Site Reliability Engineer
- Job Ref: 6493
- Location: Dublin, Ireland
- Type: Contract
The role of the SRE is expected to:
- Increase application reliability at scale
- Overcome Dev and Operations silos and conflicts
- Improve project, end user, and business outcomes
We would expect you to:
- Understand what it takes to deliver and support high quality solutions that align to the needs of our clients based on the AWS and/or Azure platforms in an Agile & DevOps environment
- Be passionate about Cloud technology and Cloud adoption.
- Develop and build upon client CI/CD platforms and domains.
- Be an unflappable problem solver, troubleshooting and improving existing DevOps processes as well as providing support and advice for development and platform teams.

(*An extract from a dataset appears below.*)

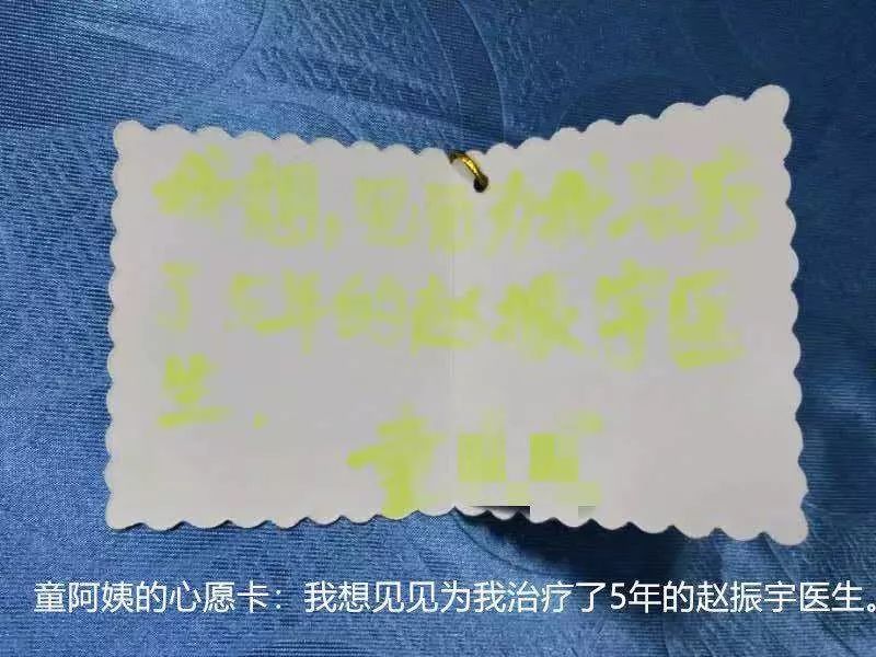 今年1月,肿瘤科率志愿者们为住院患者举办了迎新春联谊会,大家纷纷写下自己的新年愿望挂在心愿树上。童阿姨的愿望就是,想见见为她治疗了5年的赵振宇医生。

- Be curious and want to develop your knowledge of current and future technologies and how they can be leveraged at Expleo client sites.
We are looking for Site Reliability Engineers with proven experience of cloud infrastructure, software engineering and SRE practices.
You will work within the client SRE and DevOps teams and proactively engage with other business areas and product and project teams with regards to their use and exploitation of cloud resources to maximise the value generated.
Re: SRE practices you should have evidence of working with Error Budget policies and practices, Toil identification, mitigation and elimination, Observability tools and techniques, blameless post-mortems, and incident management improvements
This engagement will support both central IT teams and business teams in their designs and delivery of technologies and solutions. The role will also support and guide other team members and work with Cloud Architects in regarding function and platform wide features, technologies and configurations that ensure the platform is supportable, secure and consistent for use within client domains. Day to day you will be required to onboard new initiatives and support the current cloud estate.
Our SRE teams are often an evolving part of the Site Reliability Engineering function within client domains. As a significant member of this function you will find excellent opportunities to grow and broaden your skills and experience. We encourage all team members to share their passion of innovative problem solving, quality-first coding and DevOps/SRE practices to help evolve the team and function
What you'll Need:
It is essential that you have strong experience in and exposure to Enterprise API, Continuous Integration, Test Driven Development and Infrastructure as Code.
Unix OS experience is preferred and ideally, recent experience in container orchestration (Docker, Kubernetes, etc) and a scripting language (e.g. Python, Bash).
You will need experience of at least one major cloud provider (preferably Azure, GCP or AWS,) and ideally Kubernetes experience. Strong experience of Site Reliability Engineering practices and principles is also required.
In addition to the above, you will also have;
- Proven track record of working in a complex and multi-faceted organisation using a wide variety of current and legacy IT technology components.
- Strong exposure to both waterfall based and Agile/Scrum based methodologies
- Relevant and current software development / engineering experience covering all aspects including all security and privacy aspects, error handling, monitoring and logging.
- Awareness of architecture practices.